>>11386
>I take those would end up in pieces after a few shots.
Correct.
>Did it affect what they can produce?
Yes, the industrial knowledge of the building nation was important in regards to what they could produce, Take for example the Japanese and the 40mm Bofors. They
had the designs early on, but they found it impossible to produce in quantity with the Japanese industry.
A little known fact is that the Germans actually had the designs for the US' 5in/38cal DP Gun (and related mounts), the best general purpose DP gun of the war, from day one. At the time (1934-early1936) the US and the Germans were virtually allied and were sharing research. However, the German industry was incapable of producing the complex electronics required to make the US' system work, so the US' gun was useless to them.
>>11457
>The US, Japan and Britain all did a ton of experiments with armed carriers and concluded that anything short of a Lexington was totally fucked in a gunfight, even against a small CL or a few destroyers.
I'd disagree, given the reports I have read from the time (the US, for example, was critical of
Fleet Carriers' direct defensiveness, but the same report suggested that
Hybrid Cruisers were the way to go for Scout CVs, which indicates they didn't think all Armed Carriers were totally fucked in a gunfight - just the unarmored ones), but even if it was correct, my response would be 'Yes, and?'
What does this have to do with the GERMANS' conclusions? The Germans who did not have access to this testing data and had to come up with their own conclusions via the time honored method of scientific-wild-ass-guesswork.
Certainly with the benefit of hindsight one can say that the direction they took the Graf Zeppelin was incorrect for the tactical/strategic circumstances of the time. But if you're arguing from a position of hindsight, then any surface development for the Kriegsmarine was retarded and they should have focused entirely on submarines; furthermore, any armor on USN Battleships not named USS North Carolina, USS South Dakota, or USS Iowa was pointless.
>The Royal Navy would notice immediately if half the Kriegsmarine sortied all at once
By late 1941 the Royal Navy would notice immediately if so much as a single DKM surface ship left harbor, so I'm not sure what your point is.
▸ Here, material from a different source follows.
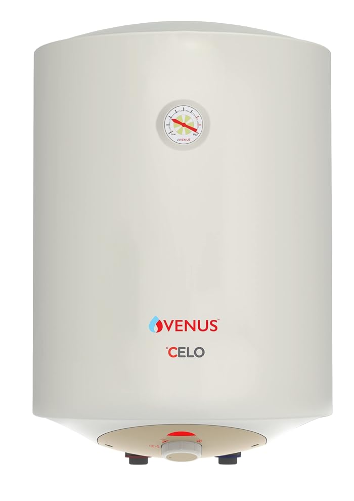 Type: Storage, capacity-15l, wattage - 2000 watts , pressure: 8 bars, bee rating:5 star Inner tank: Porecelain enamel glasslined tank, heating element:Glass lined incoloy 800 element, outer body material: Pre coated ms sheet material Guarantee -7 years on inner tank, 2 years on heating element and 2 years on product Included in the box: 1 storage water heater, flexible hose(2 nos),mfv-1no,user manual-1 no., Screws-2 nos Porcelain enamel glass lined tank: Manufactured in a modern, automated plant using european technology. Protects the tank from rust and corrosion ISI certification: India's first bis approved water heater with porcelain enamelled gl tank 3cm extra thick puf insulation ensures, incoloy 800 element, hard water protection,max safety andsacrificial magnesium anode Product Description Venus Celo Storage Water Heater Celo water heaters is an excellent product that has been designed & built to last. It comes with a durable & corrosion resistant porcelain enamel tank. It is designed to be Hard Water Proof with Scale guard Technology. An updated and pleasing design with metallic finish colours lends this model a new grace & charm to blend with your bathroom decor. Key Features Porcelain Glass lined tank Manufactured in a modern, automated plant using European Technology. Protects the tank from rust and corrosion. PUF insulation 3 cm thick PUF ensures to keeps the water hot for much longer time. Ensures Energy Savings Incoloy 800 Element Withstands temperatures up to 1000C, Long lasting, resists corrosion due to hard water. 8 Bars Pressure Suitable for pressure pumps and multi - storey buildings Temperature Display The display indicates the real-time display of the current temperature. Heat Retention technology No thermal bridge between tank & External housing,thereby reducing thermal losses Sacrificial Magnesium Anode A special device to enhance the corrosion protection of the MG tank by means of “Cathodic action”.
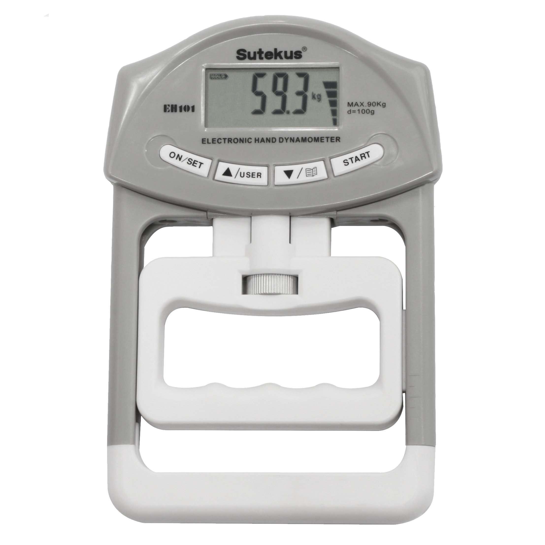 With this digital grip force meter, grip strength is measured in units of 100 g and displayed digitally.

> so I don't know where you're getting this whole "commerce-raiding task force" concept from.
The ConOps of the Graf Zeppelin envisioned a BBCV Division of 1 CV, 1 BB, 1 Cruiser (CL or CA), 2-3 DDs, and 1-3 SS' acting in fleet support role. Far less a 'task force' and far more a raiding party, because that's an extremely small division as far as ships go (far too few escorts to pass muster in USN/RN OoBs).
Ships are not designed with future sight of what will happen, they are designed with forward projection. Which is nothing more than wishful thinking with a dose of pessimism. How the Graf Zeppelin was intended to operate has absolutely no bearing on how she would have been operated, just like the Bismarck was designed to operate in proper divisions instead of the historical 2-ships-and-a-boat band she died with.
> In either case, Graf Zeppelin would have entered service alongside the folding-wing BV-155, allowing for an air group of probably ~70 planes with deck parking
You're overestimating a fair bit. By the time the Me-155 (the BV-155 was never to be navalized) was a thing (late 1942), the Graf Zeppelin's prospected aircraft compliment had been reverted back to mostly fighters and a handful of dive bombers, and the fighters were not exactly tiny even with folded wings. Between that and the ship's
limited handling systems, I'd reckon the Graf Zeppelin could have managed a maximum of 52-55 aircraft and no more even with deck parking.
Incidentally, however, deck parking was not something the Germans ever even figured out. Contrary to public perception it was neither obvious nor simple. You had to have designed the carrier to allow it in the first place (due to wind effect throwing the aircraft around when the CV is maneuvering, the lines and placement of the tower and any deck-level batteries have to be taken into consideration). They were making scientific wild ass guesses about it after observing US and RN CVs doing it, but - from all indications given the design of the Graf Zeppelin's superstructure when the Russians sunk her - they got the math wrong.